Logré separarla de mí con una patada, haciéndola caer sobre su brazo derecho y escuchando un sonoro crujido, de nuevo, cometí el error de humanizar a aquella cosa pues me preocupe de inmediato y me acerque solo para ver que la pobre, al aterrizar en un ángulo incorrecto, había quebrado su brazo, exponiendo el hueso y manchando el piso con el brebaje negro que tenía por sangre. Un zarpazo a escasos milímetros de mi rostro me hizo reaccionar violentamente hacia atrás, tropezando con la mesa de centro y aterrizando con todo mi peso sobre el cristal de un ventanal. Por suerte eran reforzados por lo que solo se astillo como una telaraña y alcanzó a sostener mi peso, dándome un respiro de lo que pensé habría sido mi último aliento.

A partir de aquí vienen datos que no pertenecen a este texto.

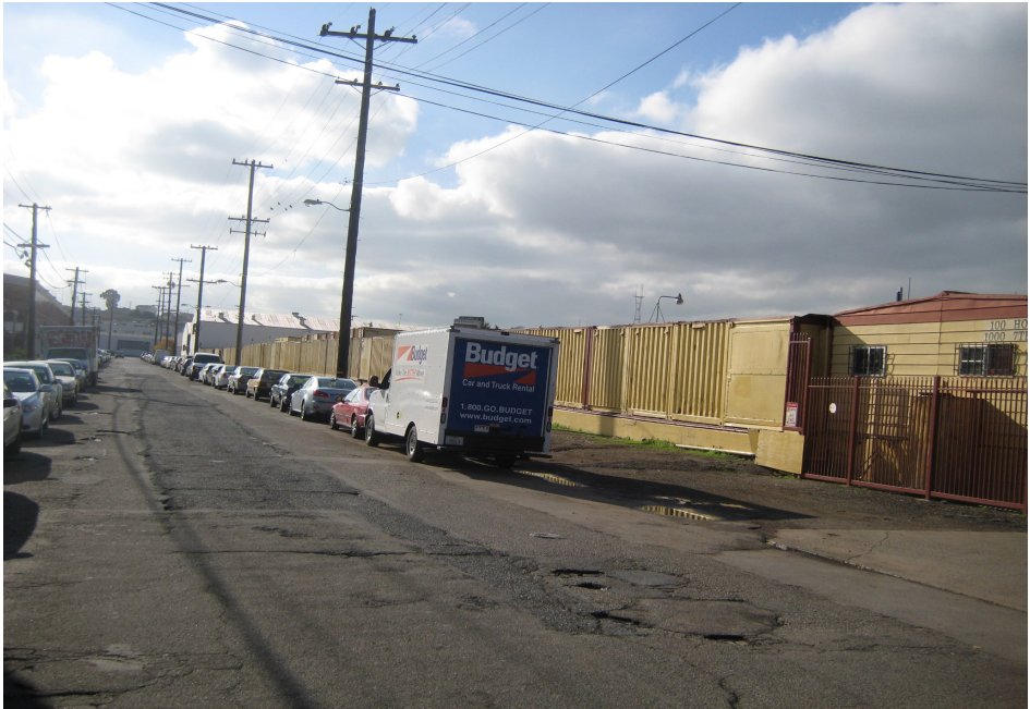
Neighboring business at 7 th looking West on Hooper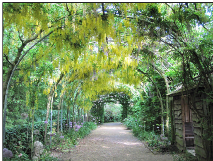
Laburnum Arch, Abbey Gardens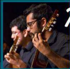
FCC student guitarists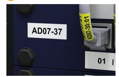
Strong adhesive tape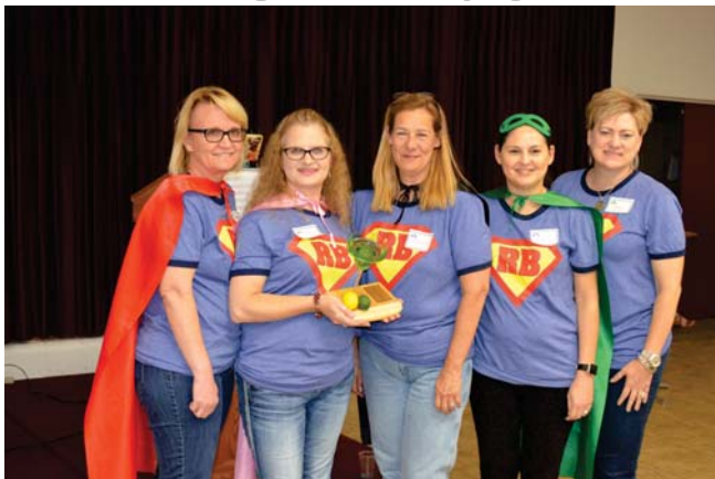
1st Place - Ridout Barrett & Co.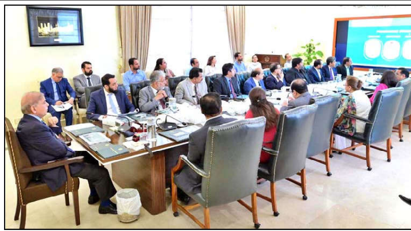
ISLAMABAD: Prime Minister Muhammad Shehbaz Sharif chairs a meeting regarding Prime Minister's Youth Programme.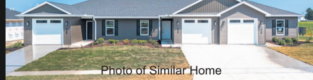
Photo of Similar Home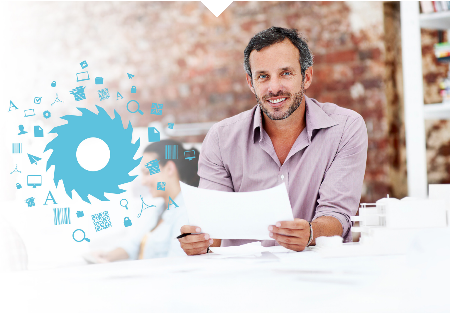
Image Capture & Routing

High performance, intelligent scanning software. It's a programmable ignition system for your imaging workflow.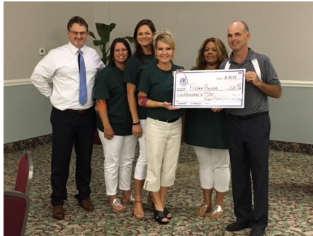
Angels Care Home Health - $1,500

Debí ocupar el segundo en el que suspiré para quitarme de ahí pues ese fue el instante que Laura aprovecho para lanzarse sobre mí y no solo clavar sus mandíbulas en mi cuello, sino rompiendo el cristal por completo y lanzándonos al vacío.
Muchos tendrán historias sobre como sobrevivieron durante días, semanas incluso meses, por lo que les debe de dar risa el saber que yo no logré sobrevivir ni un solo día a la infección al cometer todos los errores que un idiota novato puede cometer. ¿Qué puedo decir? Soy un abogado. O era. Si hubiera sido un poco más feroz como la mujer que alcance a ver durante nuestra caída, quien se defendía de sus hijos convertidos con un palo de escoba roto o el policía que vi directo a los ojos antes de golpear el concreto, tal vez habría sobrevivido mucho más. Ya no importa y no importaba en esos momento pues no podía dejar de ser un idiota ya que lo único que pasaba por mi mente eran los casos del próximo mes, la dama de compañía que visitaba de vez en cuando o la secretaria de otro despacho con la que me acostaba de vez en cuando para obtener secretos de mis adversarios. No. Justo en ese momento cuando mi cabeza sintió el primer contacto con el concreto del suelo, lo único en lo que pensaba era el desperdicio que era la muerte de Laura ya que era tan hermosa y podía jurar que los senos que sentía presionar contra mi pecho eran reales. ¿Eso me hace una mala persona? Creo que no pues… ese día morí.